■ Task
Pictures stay out of the copy. Retype exactly the lines below from the one with "11月11日,广东队选手柯沁沁在平衡木比赛中。" through the one with "skinny latina transgirl".

■ Information provided
◇ ◇ ◇ ◇ ◇ ◇ ◇

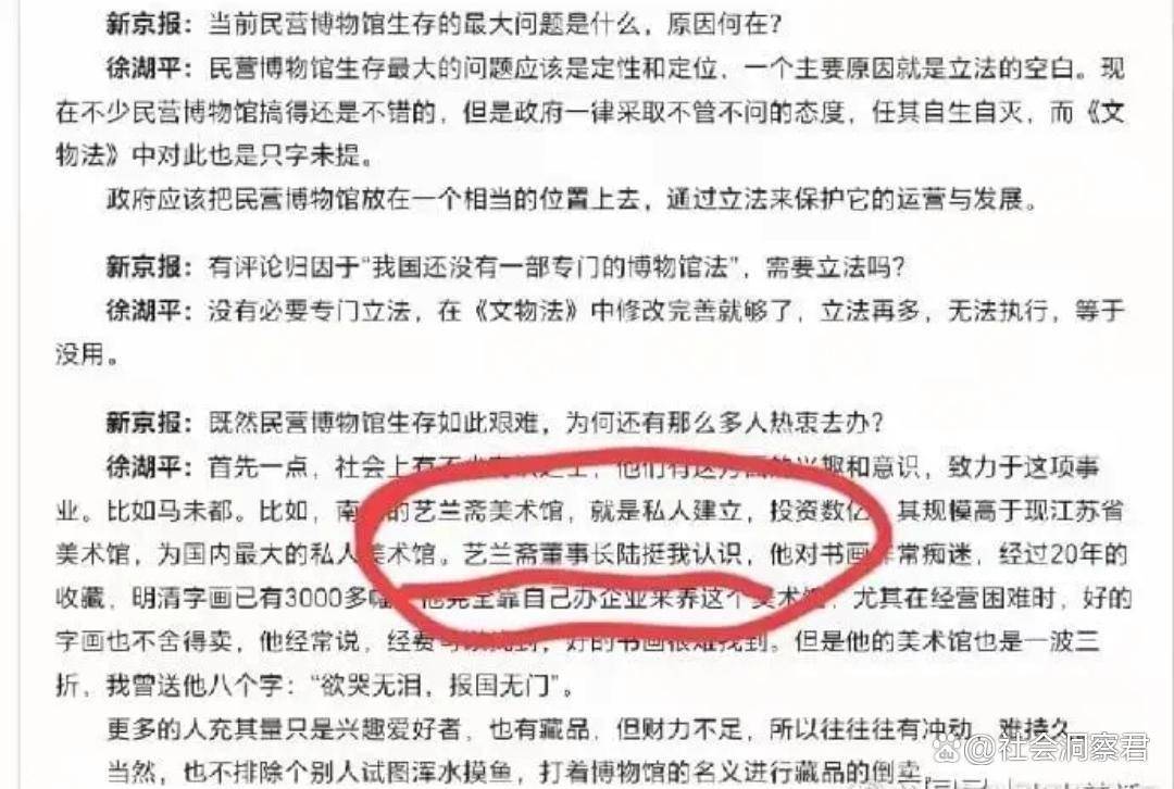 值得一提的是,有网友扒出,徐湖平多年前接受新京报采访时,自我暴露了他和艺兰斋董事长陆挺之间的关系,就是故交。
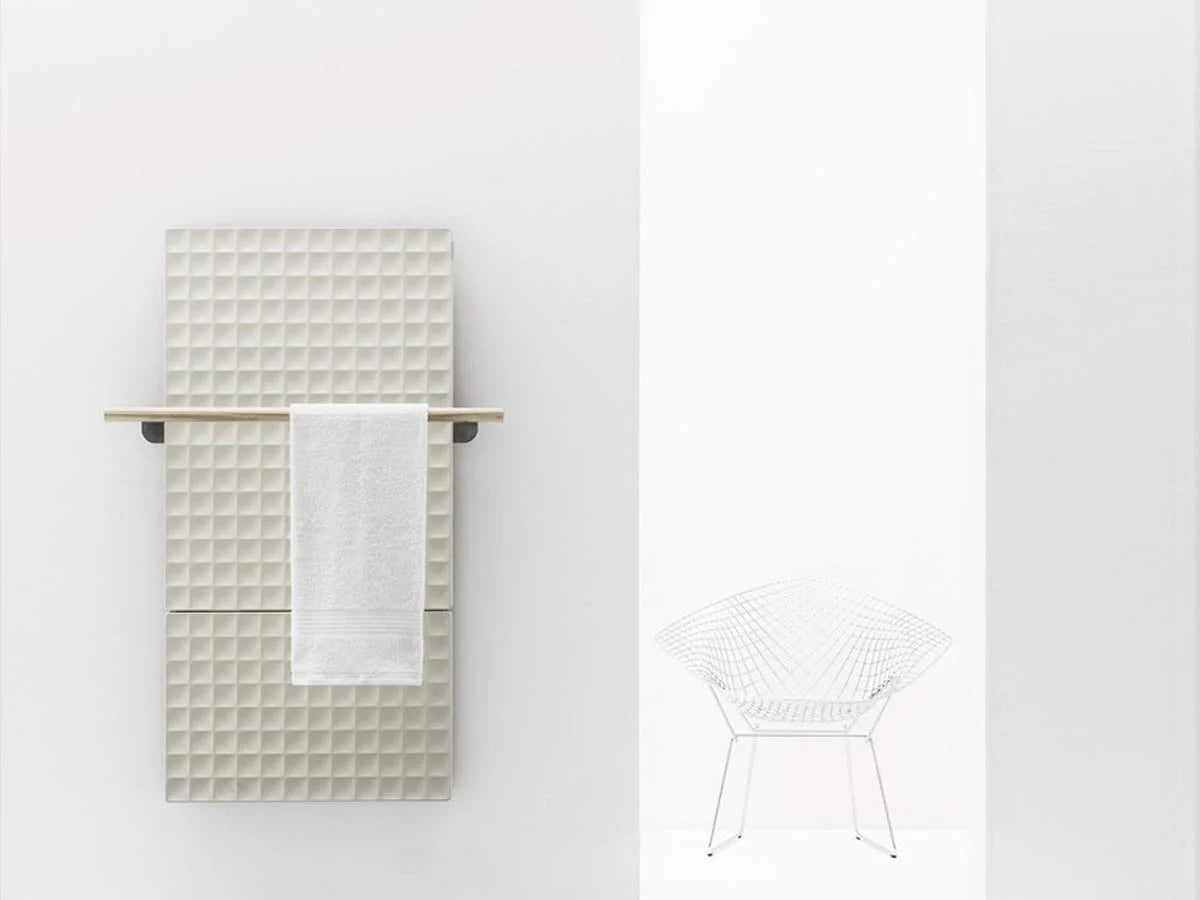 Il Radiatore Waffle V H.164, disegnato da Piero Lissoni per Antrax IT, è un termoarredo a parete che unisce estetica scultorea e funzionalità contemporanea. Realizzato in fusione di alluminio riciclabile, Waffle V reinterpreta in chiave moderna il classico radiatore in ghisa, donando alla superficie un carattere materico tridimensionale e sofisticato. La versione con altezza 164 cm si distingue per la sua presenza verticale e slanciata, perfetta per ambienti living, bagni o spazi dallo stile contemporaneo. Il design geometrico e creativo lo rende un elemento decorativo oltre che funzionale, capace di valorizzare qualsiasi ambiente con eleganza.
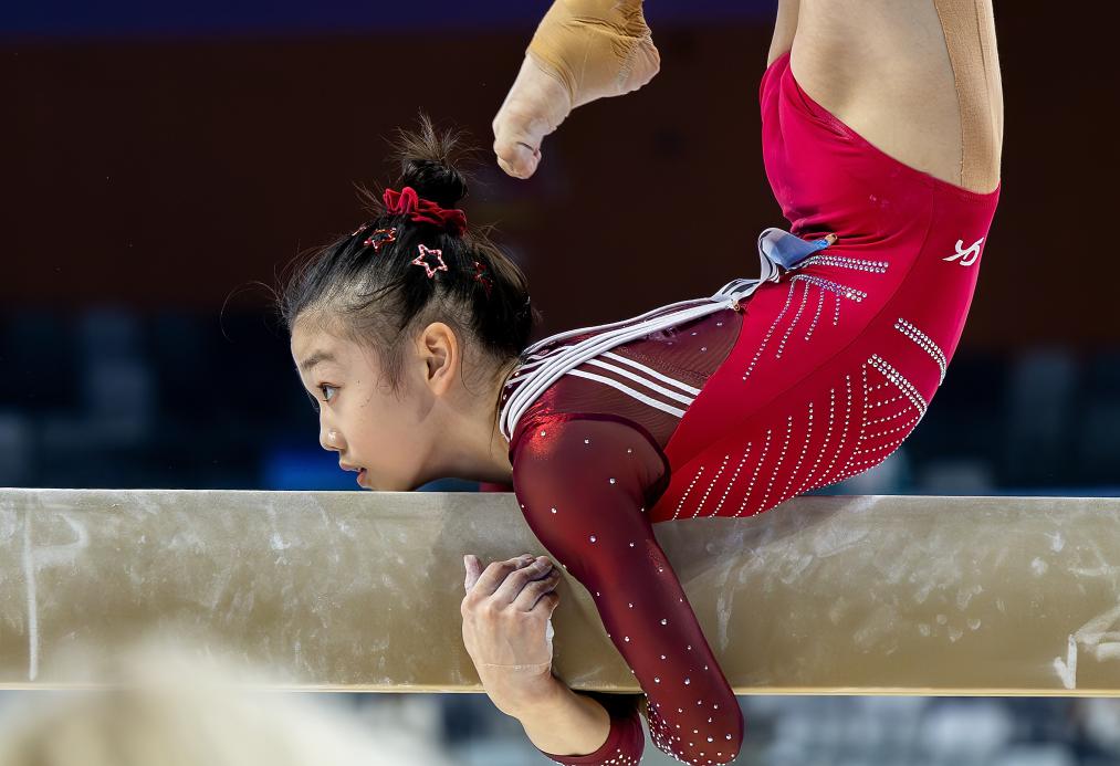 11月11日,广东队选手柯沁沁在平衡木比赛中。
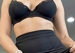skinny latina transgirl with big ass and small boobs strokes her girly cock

◇ ◇ ◇ ◇ ◇ ◇ ◇

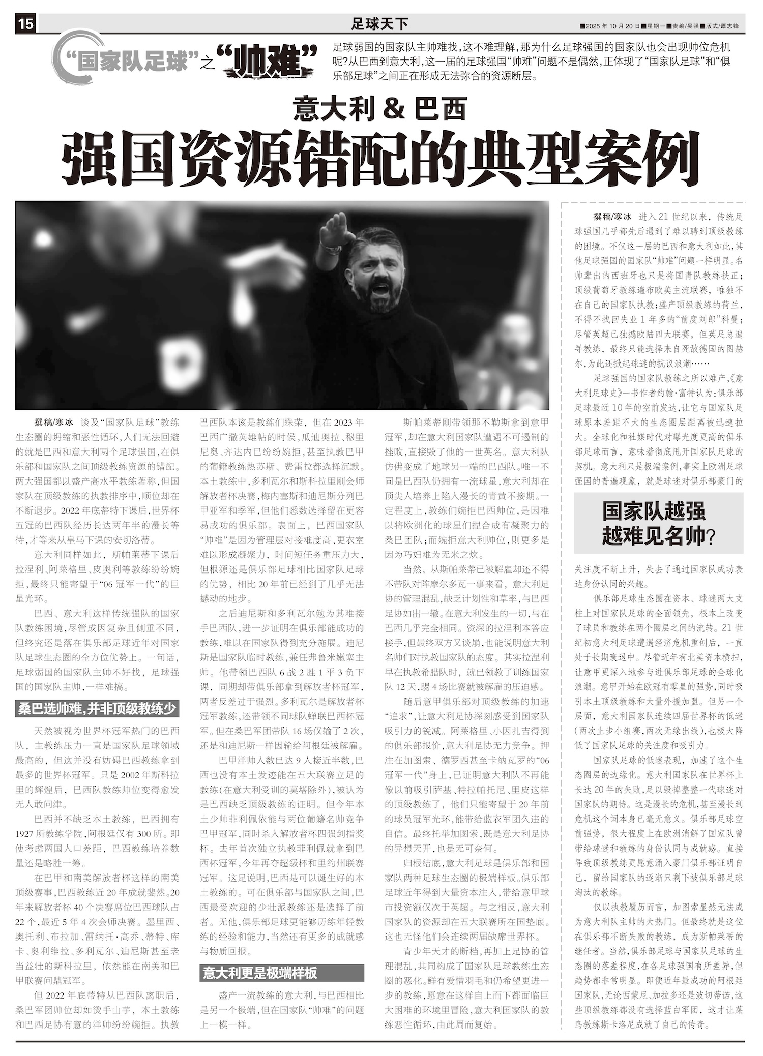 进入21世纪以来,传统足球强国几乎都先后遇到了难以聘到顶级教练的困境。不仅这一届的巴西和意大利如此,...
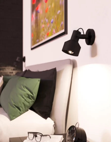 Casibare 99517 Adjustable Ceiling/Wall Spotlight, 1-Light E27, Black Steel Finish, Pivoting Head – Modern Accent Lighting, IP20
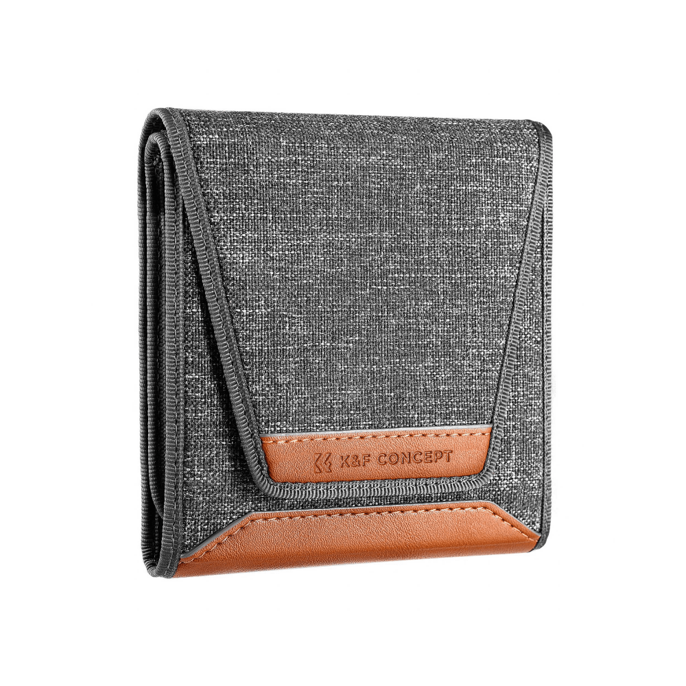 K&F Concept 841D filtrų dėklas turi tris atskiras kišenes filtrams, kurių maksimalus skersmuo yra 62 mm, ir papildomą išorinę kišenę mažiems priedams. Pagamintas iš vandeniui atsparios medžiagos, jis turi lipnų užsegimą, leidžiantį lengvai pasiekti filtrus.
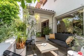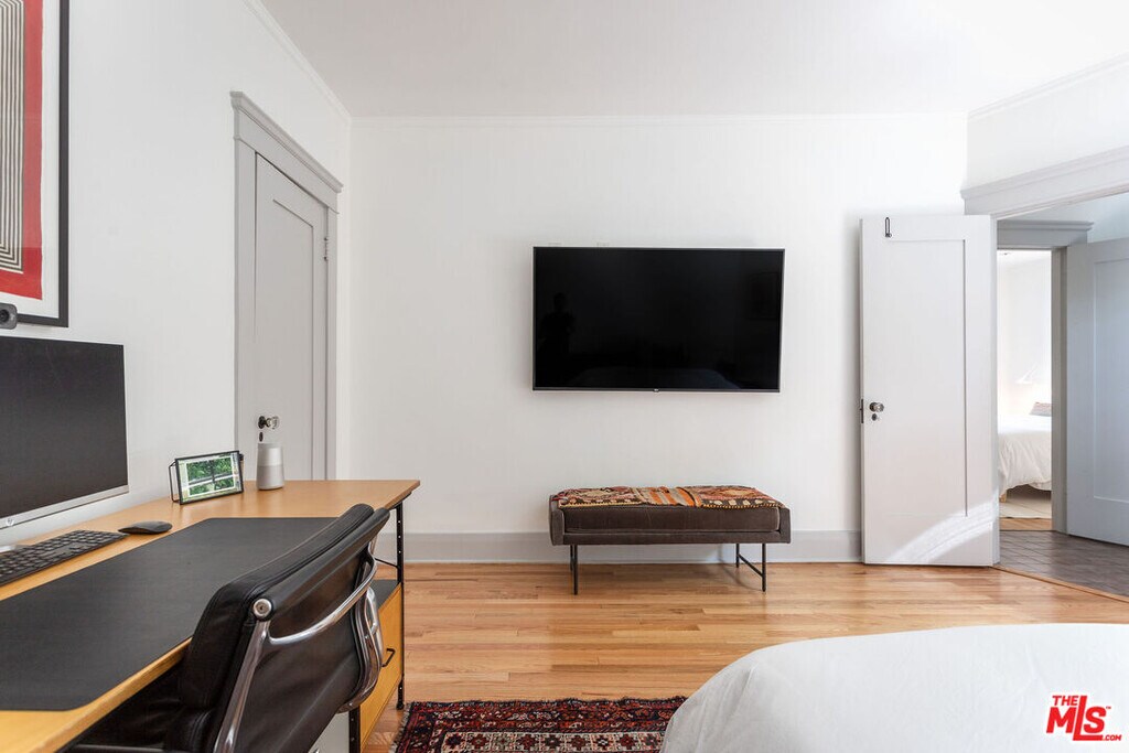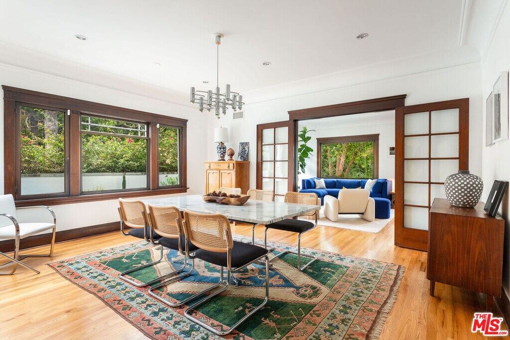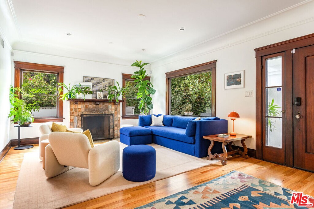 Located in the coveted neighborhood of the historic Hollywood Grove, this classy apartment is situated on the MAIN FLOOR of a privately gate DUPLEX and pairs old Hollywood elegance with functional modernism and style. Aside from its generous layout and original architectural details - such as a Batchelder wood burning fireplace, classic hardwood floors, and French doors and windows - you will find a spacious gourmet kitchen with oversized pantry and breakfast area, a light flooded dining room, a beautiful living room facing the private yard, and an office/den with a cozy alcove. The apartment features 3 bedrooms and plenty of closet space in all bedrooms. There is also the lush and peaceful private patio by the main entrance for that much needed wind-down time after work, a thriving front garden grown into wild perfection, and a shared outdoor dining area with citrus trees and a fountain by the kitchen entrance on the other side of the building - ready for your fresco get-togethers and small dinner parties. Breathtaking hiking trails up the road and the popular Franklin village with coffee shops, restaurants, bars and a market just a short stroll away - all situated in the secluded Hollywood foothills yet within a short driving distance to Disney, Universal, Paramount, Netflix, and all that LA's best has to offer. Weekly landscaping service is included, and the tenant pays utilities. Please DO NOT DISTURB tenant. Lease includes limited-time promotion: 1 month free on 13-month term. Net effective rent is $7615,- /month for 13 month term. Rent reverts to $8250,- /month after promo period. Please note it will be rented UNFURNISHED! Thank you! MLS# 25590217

◇ ◇ ◇ ◇ ◇ ◇ ◇

■ Answer to this task
 11月11日,广东队选手柯沁沁在平衡木比赛中。
skinny latina transgirl with big ass and small boobs strokes her girly cock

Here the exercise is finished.